AIM OF THE EXERCISE:
Leave out the pictures and copy the remaining records exactly.

━━━ STUDY MATERIAL ━━━

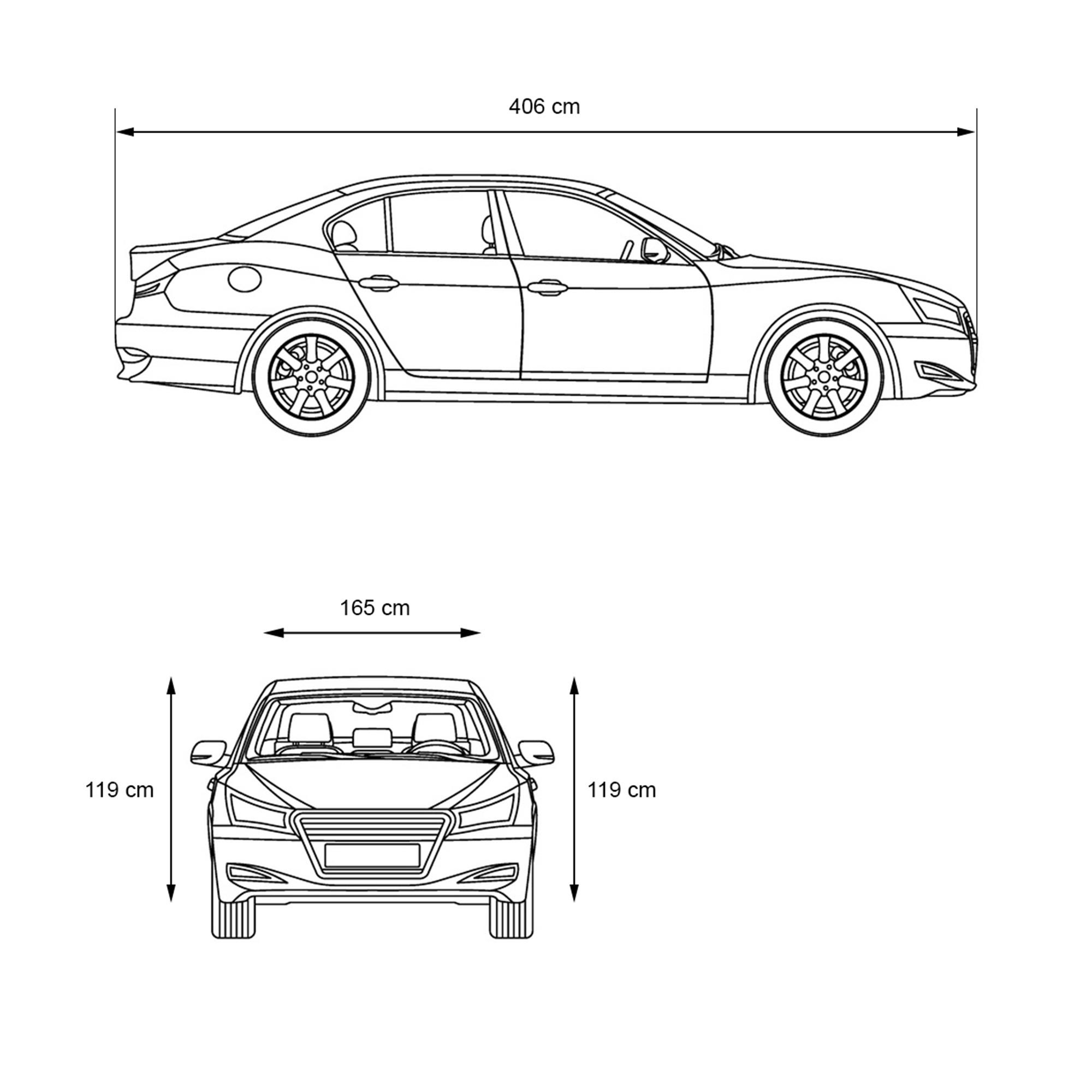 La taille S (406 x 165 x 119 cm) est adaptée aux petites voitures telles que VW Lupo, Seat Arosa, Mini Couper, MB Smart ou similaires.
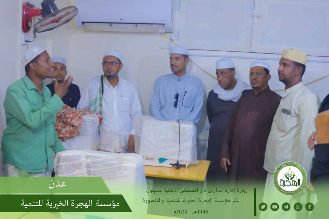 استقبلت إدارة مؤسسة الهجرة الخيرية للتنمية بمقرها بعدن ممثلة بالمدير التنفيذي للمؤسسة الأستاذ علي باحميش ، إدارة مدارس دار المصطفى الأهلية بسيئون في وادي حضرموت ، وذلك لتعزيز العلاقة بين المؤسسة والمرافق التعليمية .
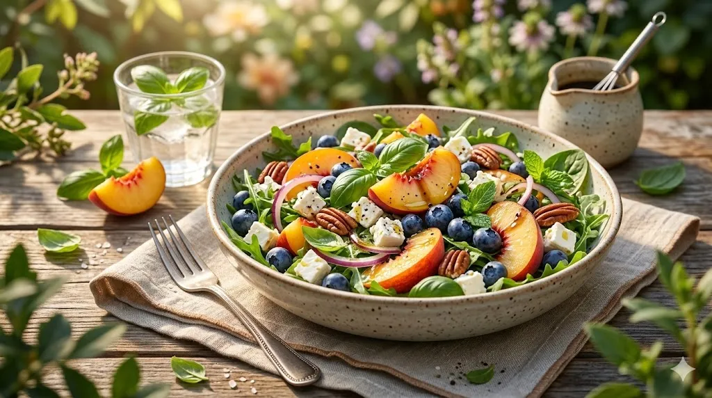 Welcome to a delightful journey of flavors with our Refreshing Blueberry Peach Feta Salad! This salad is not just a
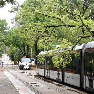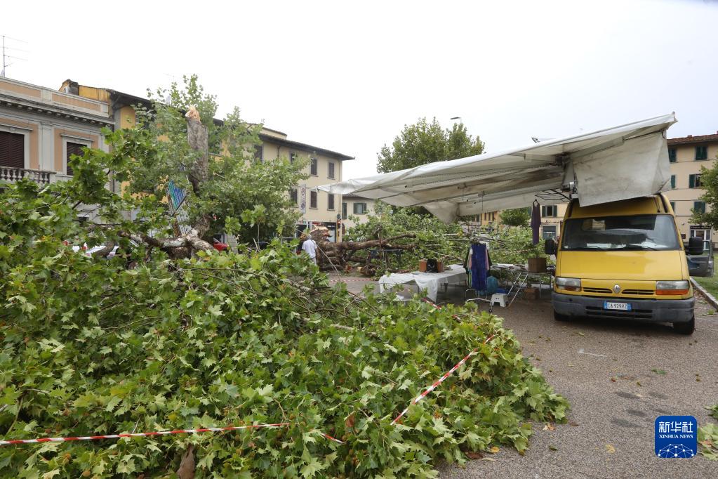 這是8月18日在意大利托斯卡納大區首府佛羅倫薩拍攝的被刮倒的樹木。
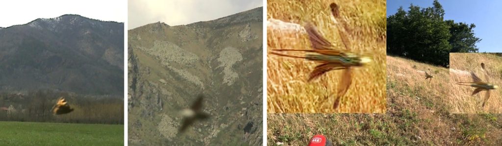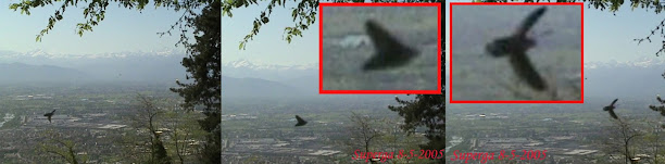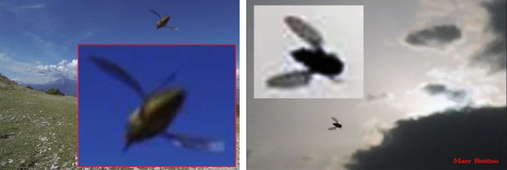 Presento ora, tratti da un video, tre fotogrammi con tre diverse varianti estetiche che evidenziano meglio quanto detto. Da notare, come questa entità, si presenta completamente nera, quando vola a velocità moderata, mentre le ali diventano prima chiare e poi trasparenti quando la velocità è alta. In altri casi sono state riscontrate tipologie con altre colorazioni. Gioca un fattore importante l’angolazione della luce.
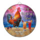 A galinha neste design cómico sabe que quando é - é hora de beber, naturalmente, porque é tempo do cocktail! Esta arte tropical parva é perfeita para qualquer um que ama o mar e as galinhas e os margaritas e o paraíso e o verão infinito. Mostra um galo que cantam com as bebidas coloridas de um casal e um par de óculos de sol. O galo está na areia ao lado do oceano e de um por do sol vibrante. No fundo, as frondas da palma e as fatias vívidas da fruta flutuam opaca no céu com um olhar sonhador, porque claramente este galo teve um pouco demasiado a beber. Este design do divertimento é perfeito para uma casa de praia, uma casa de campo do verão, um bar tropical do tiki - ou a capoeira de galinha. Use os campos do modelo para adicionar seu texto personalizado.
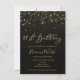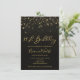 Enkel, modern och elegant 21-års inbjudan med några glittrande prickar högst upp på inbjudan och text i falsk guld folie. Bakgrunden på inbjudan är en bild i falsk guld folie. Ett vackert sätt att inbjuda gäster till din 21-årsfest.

━━━

ANSWER BELOW:
 La taille S (406 x 165 x 119 cm) est adaptée aux petites voitures telles que VW Lupo, Seat Arosa, Mini Couper, MB Smart ou similaires.
 استقبلت إدارة مؤسسة الهجرة الخيرية للتنمية بمقرها بعدن ممثلة بالمدير التنفيذي للمؤسسة الأستاذ علي باحميش ، إدارة مدارس دار المصطفى الأهلية بسيئون في وادي حضرموت ، وذلك لتعزيز العلاقة بين المؤسسة والمرافق التعليمية .
 Welcome to a delightful journey of flavors with our Refreshing Blueberry Peach Feta Salad! This salad is not just a
 這是8月18日在意大利托斯卡納大區首府佛羅倫薩拍攝的被刮倒的樹木。
 Presento ora, tratti da un video, tre fotogrammi con tre diverse varianti estetiche che evidenziano meglio quanto detto. Da notare, come questa entità, si presenta completamente nera, quando vola a velocità moderata, mentre le ali diventano prima chiare e poi trasparenti quando la velocità è alta. In altri casi sono state riscontrate tipologie con altre colorazioni. Gioca un fattore importante l’angolazione della luce.
 A galinha neste design cómico sabe que quando é - é hora de beber, naturalmente, porque é tempo do cocktail! Esta arte tropical parva é perfeita para qualquer um que ama o mar e as galinhas e os margaritas e o paraíso e o verão infinito. Mostra um galo que cantam com as bebidas coloridas de um casal e um par de óculos de sol. O galo está na areia ao lado do oceano e de um por do sol vibrante. No fundo, as frondas da palma e as fatias vívidas da fruta flutuam opaca no céu com um olhar sonhador, porque claramente este galo teve um pouco demasiado a beber. Este design do divertimento é perfeito para uma casa de praia, uma casa de campo do verão, um bar tropical do tiki - ou a capoeira de galinha. Use os campos do modelo para adicionar seu texto personalizado.
 Enkel, modern och elegant 21-års inbjudan med några glittrande prickar högst upp på inbjudan och text i falsk guld folie. Bakgrunden på inbjudan är en bild i falsk guld folie. Ett vackert sätt att inbjuda gäster till din 21-årsfest.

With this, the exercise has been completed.